RE: Describing recording by means of the Media Source interface

Rich,
  One use case for real-time access to media data is speech recognition.
We would like to be able to use media obtained  through getUserMedia to
talk to an ASR system.  It would be nice if we could just set up a
PeerConnection to the ASR system, but ASR engines don't handle UDP very
well (they can handle delays, but not lost packets.)  So either we need
to be able to set up a PeerConnection using TCP, or we need to give the
app access to the audio in real time (and let it set up the TCP to the
ASR engine.)

- Jim

-----Original Message-----
From: Rich Tibbett [mailto:richt@opera.com] 
Sent: Thursday, August 23, 2012 10:56 AM
To: Harald Alvestrand
Cc: public-media-capture@w3.org
Subject: Re: Describing recording by means of the Media Source interface

Harald Alvestrand wrote:
> I'm scanning the Media Source interface, and seeing how it describes 
> data formats for the buffers it uses.
>
> It seems to me logical to describe the recording interface in such a 
> way
> that:
>
> If there exists a video stream v, a media source msrc and a media 
> stream ms, and (conceptually) msProducesData(buffer) is called every 
> time data is available at the recording interface, then the following 
> code:
>
> // Setup
> v.src = window.URL.createObjectURL(msrc); buffer = 
> msrc.addSourceBuffer(mimetype) // So far unknown setup for the 
> recorder interface
>
> // playback
> msProducesData(data) {
> buffer.append(data)
> }
>
>
> should produce the same display (possibly somewhat delayed due to
> buffering) as
>
> v.src = window.URL.createObjectURL(ms)
>
> The media source definition is available here:
>
> http://dvcs.w3.org/hg/html-media/raw-file/tip/media-source/media-sourc
> e.html
>
>
> It seems to me that if we can make sure this actually works, we'll 
> have achieved a little consistency across the media handling platform.
>

I've been trying to figure out exactly the purpose of having access to
_real-time_ buffer data via any type of MediaStream Recording API. It is
fairly clear that byte-level access to recorded data could be solved
with existing interfaces, albeit not in real-time as the media is being
recorded to a file but once a file has already been recorded in its
entirety and returned to the web app.

If we could simply start recording of a MediaStream with e.g. .start(),
then stop it at some arbitrary point, thereby returning a File object
[1] then we could then pass that object through the existing FileReader
API [2] to chunk it and apply anything we wish to at the byte-level
after the recording has been completed.

MediaStream content that is currently being recorded via a MediaRecorder
API could be simultaneously displayed to the user in the browser via a
<video> or <audio> tag so ongoing playback of a stream being recorded
seems to be a problem that is already solved in most respects.

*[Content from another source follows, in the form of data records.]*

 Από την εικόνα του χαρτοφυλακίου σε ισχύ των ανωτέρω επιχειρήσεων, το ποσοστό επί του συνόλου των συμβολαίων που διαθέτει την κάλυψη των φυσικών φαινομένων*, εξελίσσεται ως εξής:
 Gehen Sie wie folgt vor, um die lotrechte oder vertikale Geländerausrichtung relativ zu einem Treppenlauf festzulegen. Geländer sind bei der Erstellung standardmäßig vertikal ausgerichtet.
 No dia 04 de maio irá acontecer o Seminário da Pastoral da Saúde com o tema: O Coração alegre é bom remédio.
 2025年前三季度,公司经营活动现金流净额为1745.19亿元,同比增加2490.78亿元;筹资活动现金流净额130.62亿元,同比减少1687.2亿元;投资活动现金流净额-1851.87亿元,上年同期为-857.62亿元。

If we could simply return a File object once recording has been stopped
then we've saved an exception amount of complexity from MediaStream
recording (by not having to implement media buffers for ongoing
recording data and not having to rely on the draft Stream API proposal
which offers a lot of the functionality already available in FileReader
- albeit in real-time).

We wouldn't lose any of the ability to subsequently apply any
modifications at the byte-level (via FileReader) - just that we wouldn't
have real-time access to ongoing media recording data.

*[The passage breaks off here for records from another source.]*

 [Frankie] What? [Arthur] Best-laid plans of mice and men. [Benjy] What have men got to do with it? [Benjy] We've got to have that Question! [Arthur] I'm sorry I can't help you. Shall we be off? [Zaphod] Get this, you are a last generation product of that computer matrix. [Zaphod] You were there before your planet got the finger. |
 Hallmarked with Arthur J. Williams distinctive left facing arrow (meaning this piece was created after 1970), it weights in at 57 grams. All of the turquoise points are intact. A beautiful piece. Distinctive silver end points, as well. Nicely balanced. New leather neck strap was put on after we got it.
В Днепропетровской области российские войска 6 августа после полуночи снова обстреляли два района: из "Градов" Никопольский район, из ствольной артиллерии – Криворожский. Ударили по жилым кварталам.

I could live with this - unless there are some compelling use cases for
reading ongoing MediaStream data in real-time as opposed to simply being
able to read that data once it has already been collected in to a
recording, in its entirety.

Any use cases brought forward here requiring real-time access to ongoing
recorded byte-data would be welcome. Otherwise, I'm in favor of greatly
reducing the complexity involved with recording a MediaStream.

[1] http://www.w3.org/TR/FileAPI/#dfn-file

[2] http://www.w3.org/TR/FileAPI/#dfn-filereader

--
Rich Tibbett (richt)
CORE Platform Architect - Opera Software ASA

Received on Thursday, 23 August 2012 15:01:26 UTC